Another limitation is that the study participants were younger, had more education, and were more likely treated in a rehabilitation clinic than during inpatient acute care, compared with those who refused to participate. Moreover, the CIDI-O completion rates varied across patients with different tumor types. As a result, it’s not clear how generalizable the prevalence estimates are.


Regarding limitations, Dizon also noted that since the study evaluated patients at only one point in time, it is not necessarily known how this might change during and after treatment—“or for those without a curable disease, how it might change as treatments continue or change, and as the patient’s physical condition changes.”

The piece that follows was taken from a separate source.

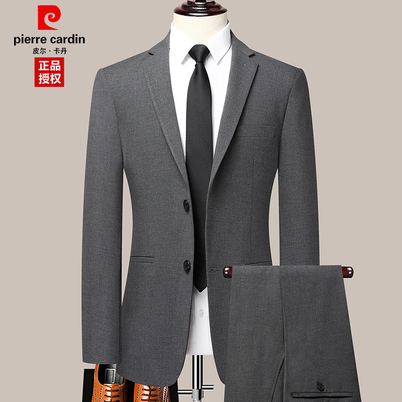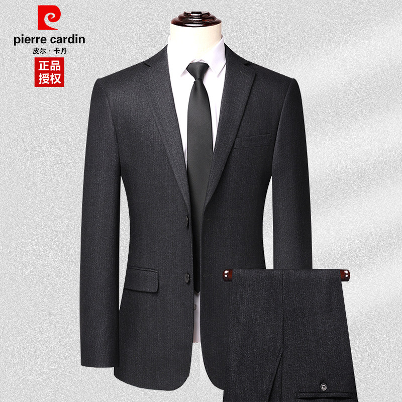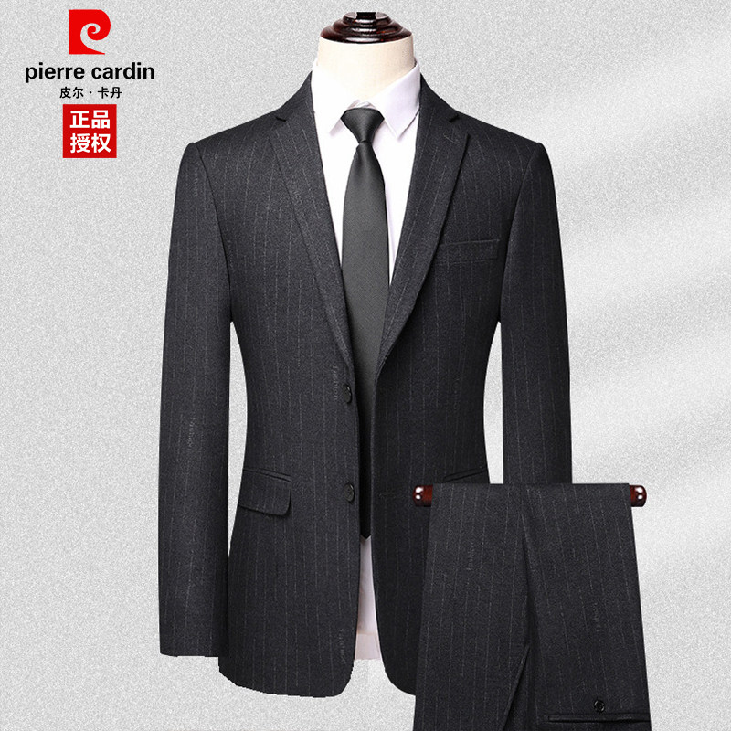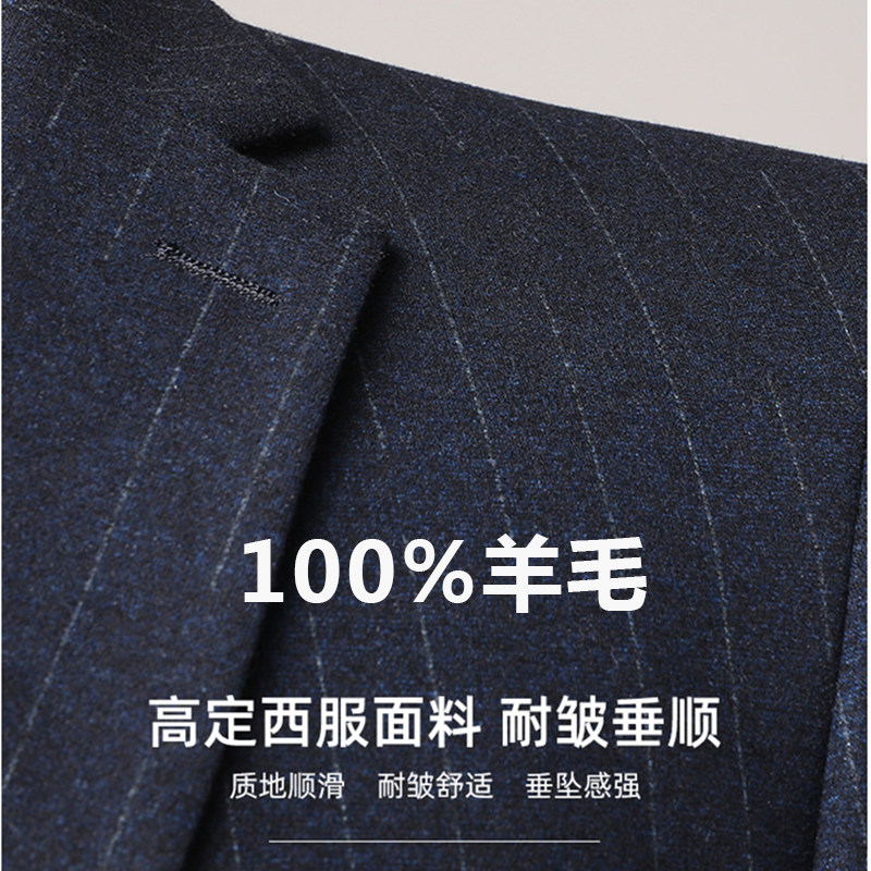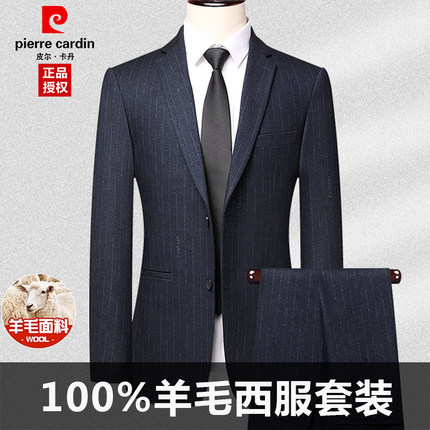 皮尔卡丹100%羊毛西服套装男厚款高级感免烫商务休闲条纹西装外套

Still, despite these weaknesses, the study does have an important take-home message, Dizon said: “The study certainly tells me as a medical oncologist to be more sensitive to the psychological stress associated with a new cancer diagnosis. Even if I feel that a patient has a relatively good prognosis, this is not protection from distress or other mental health consequences. We need to be proactive about screening patients about their mental health, no matter what kind of cancer they have been diagnosed with.”


In the end, it is still not clear which interventions might help patients the most. “The next steps in research should focus on how best to treat, or even prevent, psychiatric disorders in patients with cancer,” Pirl said.